Your output should be everything below from the line containing "Economic Development: Units" down to the line containing "Figure 2. Former", both ends included, copied exactly, with pictures left out.

__DATA PROVIDED__
--*--
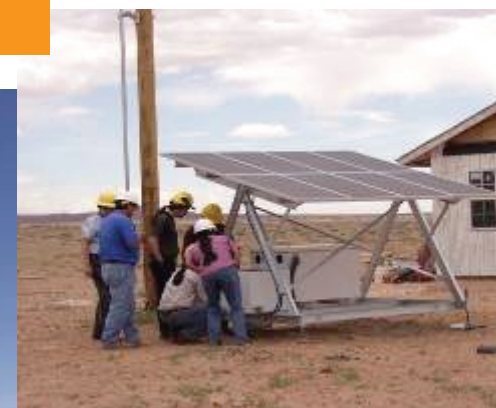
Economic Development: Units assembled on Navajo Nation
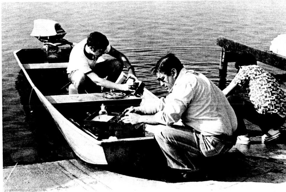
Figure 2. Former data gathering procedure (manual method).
--*--
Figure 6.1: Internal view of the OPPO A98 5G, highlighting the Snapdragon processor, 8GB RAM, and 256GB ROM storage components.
--*--
__EXERCISE RESPONSE__
Economic Development: Units assembled on Navajo Nation
Figure 2. Former data gathering procedure (manual method).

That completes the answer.